If there was any hope for him being a reasonably-sane (though probably still obnoxious) human being -- it's vanished now, probably forever. By the time he's out of office, he's going to be showing all the symptoms of megalomania. He wasn't in great psychological shape before he got into politics, and this will only make it worse (like that "messiah" complex he seems to have acquired, thanks to all his flunkies and court Rasputins). All the natural checks that keep the rest of us from doing foolish things (fear of being disowned by our families, or of getting fired or arrested, or of what people will think, etc.) have been taken away now.
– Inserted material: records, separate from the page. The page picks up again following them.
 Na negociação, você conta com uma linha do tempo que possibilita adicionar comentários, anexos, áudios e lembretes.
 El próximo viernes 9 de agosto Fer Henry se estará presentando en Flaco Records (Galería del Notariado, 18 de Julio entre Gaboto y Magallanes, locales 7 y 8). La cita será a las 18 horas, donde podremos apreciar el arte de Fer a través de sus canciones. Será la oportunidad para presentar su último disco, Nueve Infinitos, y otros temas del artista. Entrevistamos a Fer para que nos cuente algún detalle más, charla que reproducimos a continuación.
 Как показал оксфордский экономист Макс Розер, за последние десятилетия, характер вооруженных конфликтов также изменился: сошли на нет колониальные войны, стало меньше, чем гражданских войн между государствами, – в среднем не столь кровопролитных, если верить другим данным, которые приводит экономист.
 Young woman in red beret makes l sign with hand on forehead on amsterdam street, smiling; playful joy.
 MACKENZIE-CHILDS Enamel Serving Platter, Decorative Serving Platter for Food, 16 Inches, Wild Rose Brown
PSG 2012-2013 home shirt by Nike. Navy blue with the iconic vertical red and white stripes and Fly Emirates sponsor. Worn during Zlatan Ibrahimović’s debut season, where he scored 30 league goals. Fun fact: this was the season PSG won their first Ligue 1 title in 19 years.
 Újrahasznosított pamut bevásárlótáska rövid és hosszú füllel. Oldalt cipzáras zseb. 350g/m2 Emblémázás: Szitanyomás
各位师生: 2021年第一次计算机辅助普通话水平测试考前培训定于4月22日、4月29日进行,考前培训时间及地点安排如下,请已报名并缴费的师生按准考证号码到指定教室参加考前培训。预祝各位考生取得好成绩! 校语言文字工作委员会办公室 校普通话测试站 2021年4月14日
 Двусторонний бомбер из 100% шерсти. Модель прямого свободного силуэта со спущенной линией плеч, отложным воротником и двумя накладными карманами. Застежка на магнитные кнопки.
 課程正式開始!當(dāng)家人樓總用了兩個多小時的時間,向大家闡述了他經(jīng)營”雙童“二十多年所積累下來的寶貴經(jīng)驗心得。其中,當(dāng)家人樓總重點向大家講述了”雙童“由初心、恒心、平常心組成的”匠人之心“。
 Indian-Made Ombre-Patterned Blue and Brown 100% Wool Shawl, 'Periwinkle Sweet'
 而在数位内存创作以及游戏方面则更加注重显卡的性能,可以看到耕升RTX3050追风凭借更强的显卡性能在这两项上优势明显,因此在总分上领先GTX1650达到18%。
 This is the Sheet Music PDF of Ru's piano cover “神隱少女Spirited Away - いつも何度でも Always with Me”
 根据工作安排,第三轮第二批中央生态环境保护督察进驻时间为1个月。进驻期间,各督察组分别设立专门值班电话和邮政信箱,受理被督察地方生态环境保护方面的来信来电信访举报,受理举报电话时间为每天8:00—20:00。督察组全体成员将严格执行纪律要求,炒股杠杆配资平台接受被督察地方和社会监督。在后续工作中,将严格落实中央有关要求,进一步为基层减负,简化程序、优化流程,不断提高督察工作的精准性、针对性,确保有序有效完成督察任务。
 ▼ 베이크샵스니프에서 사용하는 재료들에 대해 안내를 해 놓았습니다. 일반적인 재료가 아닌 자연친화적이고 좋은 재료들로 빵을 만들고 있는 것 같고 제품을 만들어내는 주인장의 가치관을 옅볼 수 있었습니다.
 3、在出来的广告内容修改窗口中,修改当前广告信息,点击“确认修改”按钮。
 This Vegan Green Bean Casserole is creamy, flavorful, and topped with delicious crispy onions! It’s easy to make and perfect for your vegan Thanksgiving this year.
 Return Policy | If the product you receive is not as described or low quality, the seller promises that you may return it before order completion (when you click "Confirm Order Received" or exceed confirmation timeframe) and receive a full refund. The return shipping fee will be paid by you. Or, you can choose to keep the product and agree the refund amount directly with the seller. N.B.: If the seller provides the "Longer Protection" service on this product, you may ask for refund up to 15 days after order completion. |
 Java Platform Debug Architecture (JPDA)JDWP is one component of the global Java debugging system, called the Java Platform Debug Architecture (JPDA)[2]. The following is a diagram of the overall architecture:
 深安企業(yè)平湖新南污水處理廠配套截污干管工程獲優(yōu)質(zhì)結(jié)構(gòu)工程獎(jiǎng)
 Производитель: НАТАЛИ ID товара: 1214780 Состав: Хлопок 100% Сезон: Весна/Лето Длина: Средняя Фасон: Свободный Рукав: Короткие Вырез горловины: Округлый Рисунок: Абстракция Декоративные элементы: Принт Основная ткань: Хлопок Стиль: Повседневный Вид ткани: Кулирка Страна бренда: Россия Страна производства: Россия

Especially since the election -- he doesn't have to make nice anymore.

If Bush were just a failed drunk on a bar stool in Midland, estranged from his family -- not only would he be relatively harmless, but he wouldn't have fallen into all these delusions of grandeur, and he'd still have a toehold in the real world. More to the point, he wouldn't have signed all those death warrants as Governor, or started this war. A teacher of mine once used the phrase "morally compromised", and I like it better than "conscience" or "soul" where Bush is concerned.

The reason I was thinking about this -- a colleague of mine became temporarily famous, and let it go to his head. He began to think he really was more important than everybody else just because his publicist told him so ... and his family and longtime friends became concerned about some rather unpleasant changes in his personality. Even his sister, his greatest admirer, commented: "writing that bestseller was the worst thing that could have happened to him". I don't think Bush will ever realize this (my co-worker didn't, until it was too late). Maybe Bush, too, will be confronted by his own failure eventually.